At its base VRM is simple: it’s personal. It’s me or you and the vendors (or other organizations) with which we relate — whether that relating is deep or shallow, enduring or transitory. It’s how individual demand drives and relates to supply.

It’s hard to explain that in a world where conversation drifts easily to “social” everything. And where there are aspects of VRM that will become social. Also in the absence of working code. (Though there are some things with VRMmy qualities, and may actually qualify as VRM. I hope to meet some at this afternoon’s VRM Event here in Amsterdam.) And there are individual matters, such as one’s “social graph”, that pertain. But VRM remains primarily an individual matter.

One more thing, and this is personal too. I am not anybody’s “capital”. You or your company may call me an “asset” or think you have “acquired” me, or “own” me as a customer. But I am and wish to remain a free, sovereign and independent agent of my own soul. There is no price on that. But there is far more value in it than anything you can measure with the economics of transaction alone.

Free customers are more valuable than captive ones. That’s the point of VRM. Proving it is our challenge.

Hat tip to Adriana for the pointer.

It’s VRM Weeks on the West Coasts

… of both Europe and the U.S., that is.

Got up at 5am this morning in Mountain View, Pacific Time. It was easy because my body is still partly on East Coast time (8am) and GMT (noon). That’s because I’m still fresh from London, and more VRM conversations than I can count — in addition to the excellent VRM Hub event (part of Unlocking the See-Saw*) held at Sun’s facility there, which got started for me when I walked out of the Monument tube station and stright into Geoff Jones, with whom I promptly went off to a pub. Alec Muffett shot video of the whole thing. More at Peter’s post, and  here.

It all continues starting this afternoon at IIW2008b, at the Computer History Museum (Shoreline &101). There are more meetings before and after, then a Public Media BarCamp in Santa Cruz from Friday to Sunday. VRM will be in play there too.

THEN, I’m off next week to Amsterdam for the VRM Event there.

Meanwhile, here are VRM posts by Peter Parkes, Jonathan MacDonald, Richard Muscat and Graham Saad. There are more, but no time to find them right now.

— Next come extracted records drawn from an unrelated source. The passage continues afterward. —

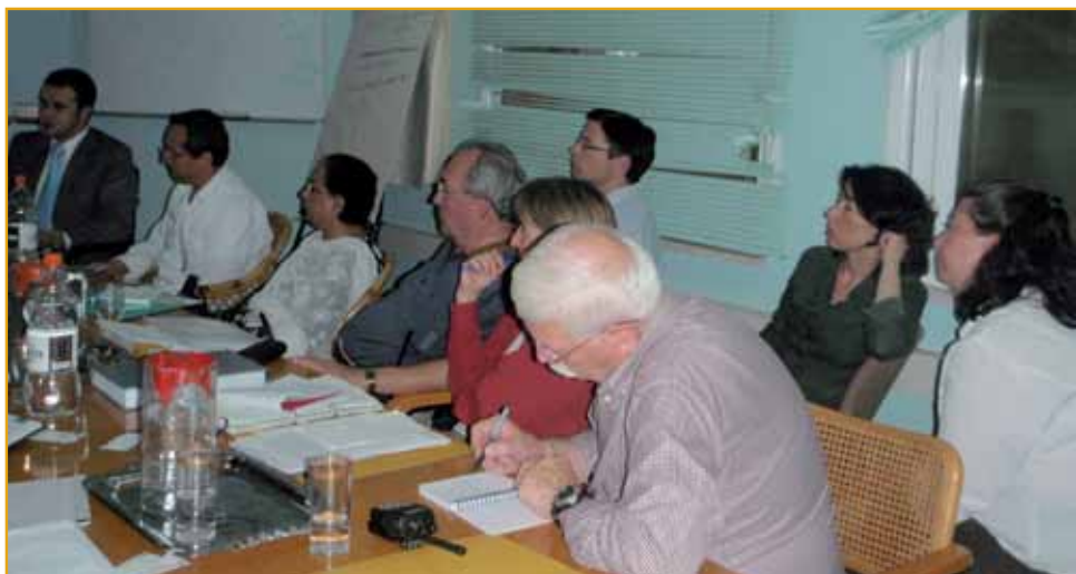
UN Fact Finding Mission on the Gaza Conflict and PCHR June 2009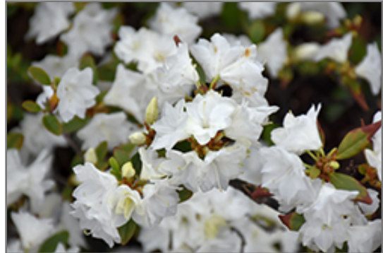
April Snow Rhododendron flowers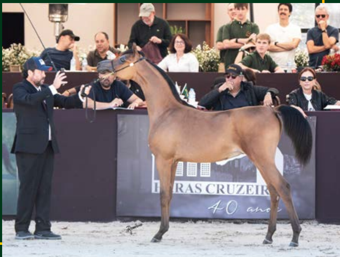
Gold Jr Jr Colt - Azzam Serondella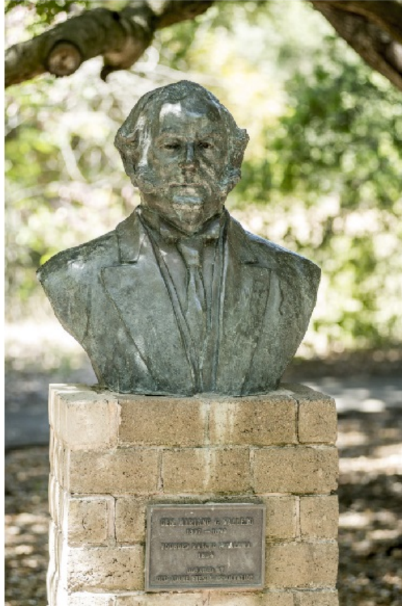
Figure 5. Bust statue of General Mariano Guadalupe Vallejo, July 22, 2015. Catalog # 090-P89914.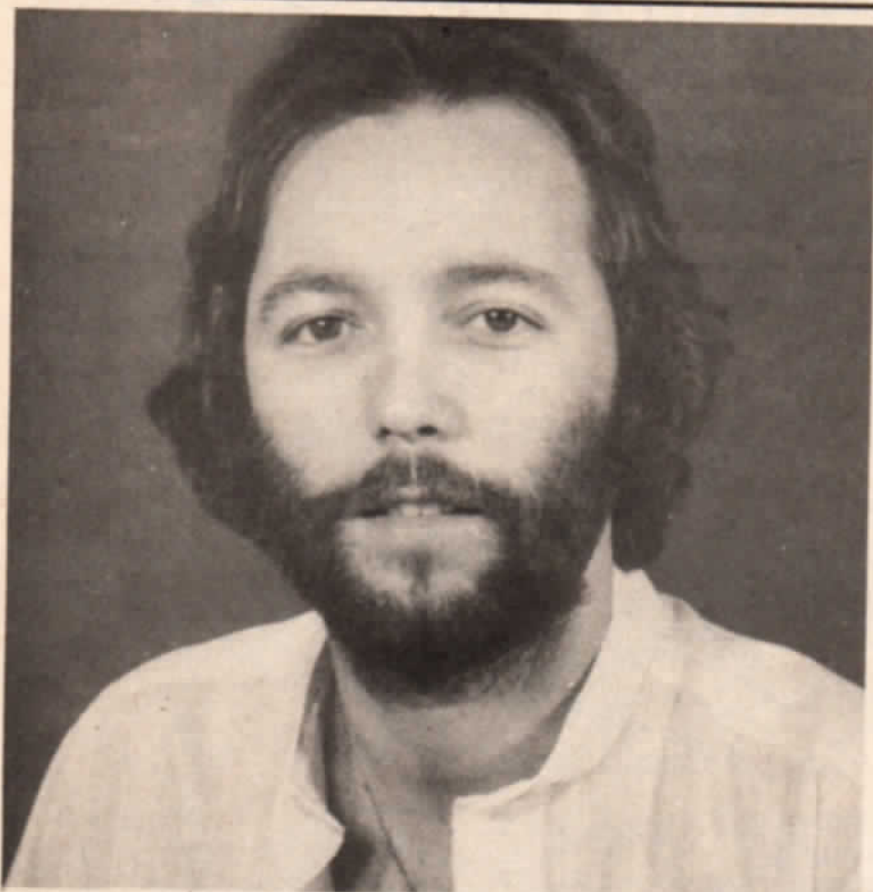
The bearded philosopher, Ruben Blades attacks the superficiality of disco in his tune "Plastico" from the visionary album SIEMBRA.

Obviously, that's the way Ruben wants to keep it. He isn't about to exchange a false illusion for genuine feeling, for feelings are what his songs are all about. "I think people have got to be brought out of themselves more, or encouraged to go into themselves more deeply... When I first got here, I was told that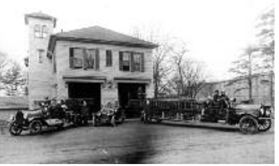
Cheney Fire Station

The Bath House provided a place to bathe for Cheney workers who did not have bathrooms at home. Men bathed on one side and women on the other. Towels cost 5 cents.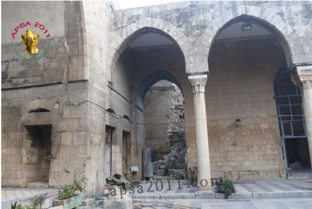
Interior of the Madrasa Firdows in Aleppo (APSA).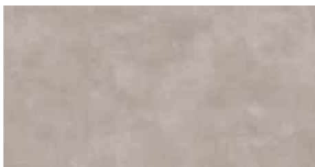
Concrete beige S 03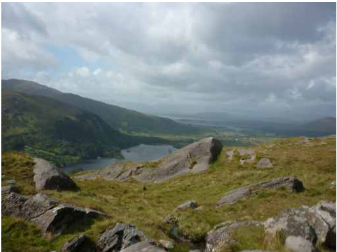
Another amazing view.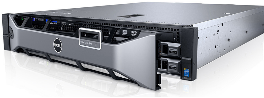
Figure 2: Quick Sync-enabled bezel

Meanwhile, a nice paragraph from Steve Bowbrick of the BBC:

User data is a valuable asset but it’s one that belongs to its subject – that’s you. Without wishing to wander too far off topic, Mark’s plan also hooks in nicely with the wider trend away from old-fashioned CRM (‘Customer Relationship Management’) to its much groovier, network-native successor VRM (‘Vendor Relationship Management’). In a VRM world your personal data is your own and you share it only with those you trust: VRM systems will allow you to rent your data to businesses who want to sell you stuff and withdraw it whenever you feel like it. It’s appropriate for the BBC to build a user-centric, VRM-style data infrastructure.